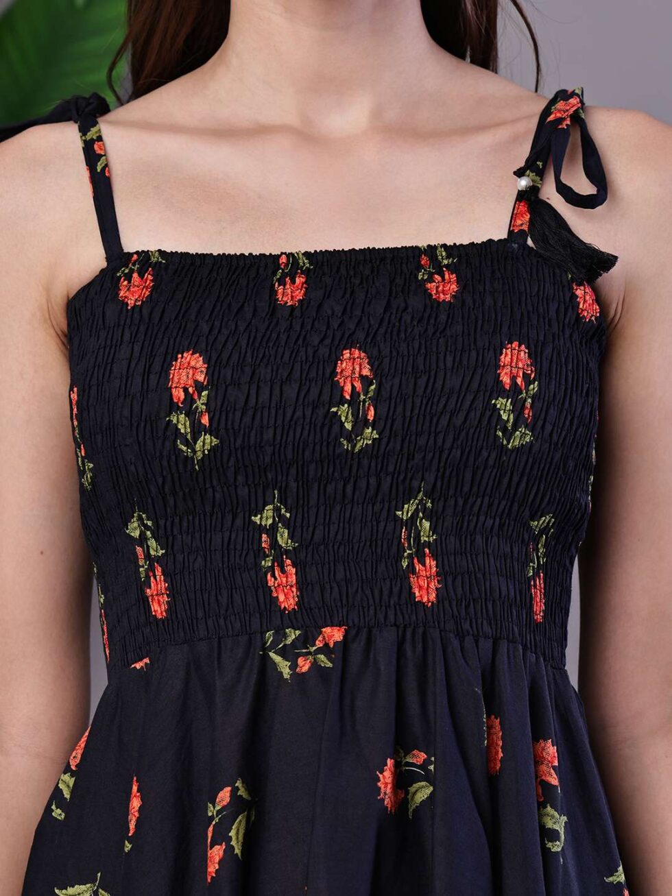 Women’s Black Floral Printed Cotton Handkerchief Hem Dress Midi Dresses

==

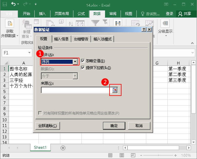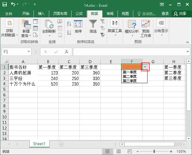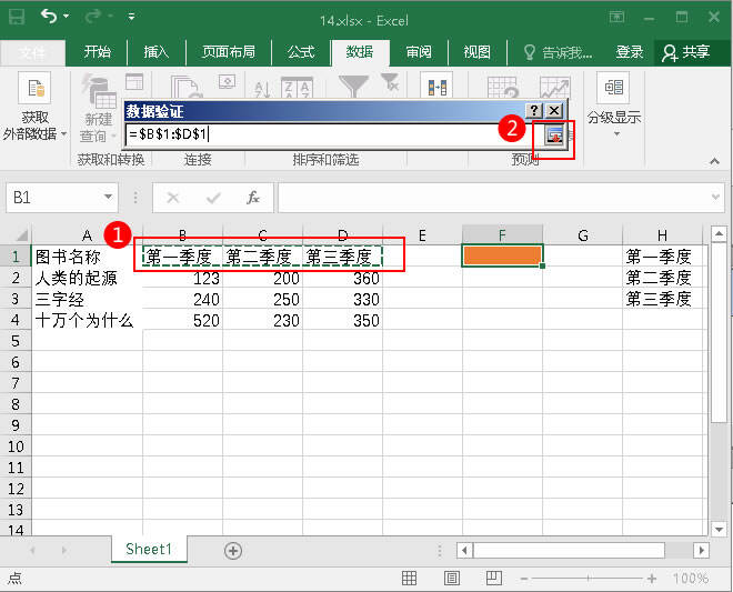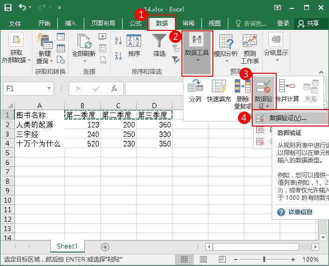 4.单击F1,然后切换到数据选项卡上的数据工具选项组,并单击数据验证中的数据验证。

==

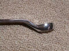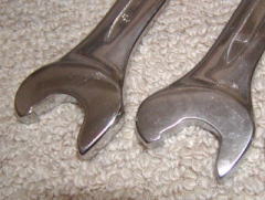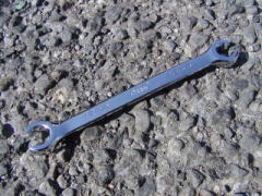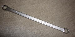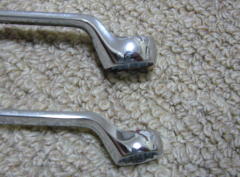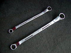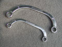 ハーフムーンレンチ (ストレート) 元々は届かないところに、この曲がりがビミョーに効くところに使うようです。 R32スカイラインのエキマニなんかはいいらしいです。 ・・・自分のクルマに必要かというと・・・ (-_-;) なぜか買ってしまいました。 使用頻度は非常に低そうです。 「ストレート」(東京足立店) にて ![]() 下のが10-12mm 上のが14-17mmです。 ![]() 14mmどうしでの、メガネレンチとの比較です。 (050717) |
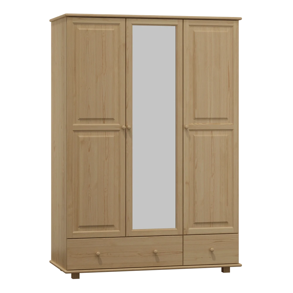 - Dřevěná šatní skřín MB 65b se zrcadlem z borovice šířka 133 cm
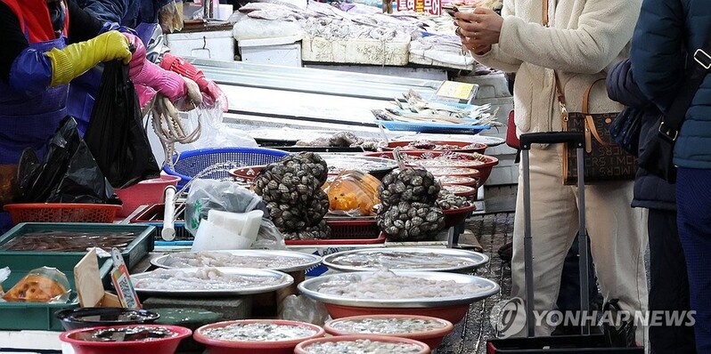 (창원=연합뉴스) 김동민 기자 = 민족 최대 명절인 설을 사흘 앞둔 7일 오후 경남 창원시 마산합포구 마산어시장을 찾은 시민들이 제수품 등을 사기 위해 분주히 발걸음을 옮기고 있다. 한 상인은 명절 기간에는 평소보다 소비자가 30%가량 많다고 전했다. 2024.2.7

Work to be completed:
Work from the entries above. Set down exactly and only the lines from the line with "ハーフムーンレンチ (ストレート) 元々は届かないところに、この曲がりがビミョーに効くところに使うようです。" to the line with "(창원=연합뉴스) 김동민 기자", both included, and leave the pictures out.

Task output:
 ハーフムーンレンチ (ストレート) 元々は届かないところに、この曲がりがビミョーに効くところに使うようです。 R32スカイラインのエキマニなんかはいいらしいです。 ・・・自分のクルマに必要かというと・・・ (-_-;) なぜか買ってしまいました。 使用頻度は非常に低そうです。 「ストレート」(東京足立店) にて ![]() 下のが10-12mm 上のが14-17mmです。 ![]() 14mmどうしでの、メガネレンチとの比較です。 (050717) |
 - Dřevěná šatní skřín MB 65b se zrcadlem z borovice šířka 133 cm
 (창원=연합뉴스) 김동민 기자 = 민족 최대 명절인 설을 사흘 앞둔 7일 오후 경남 창원시 마산합포구 마산어시장을 찾은 시민들이 제수품 등을 사기 위해 분주히 발걸음을 옮기고 있다. 한 상인은 명절 기간에는 평소보다 소비자가 30%가량 많다고 전했다. 2024.2.7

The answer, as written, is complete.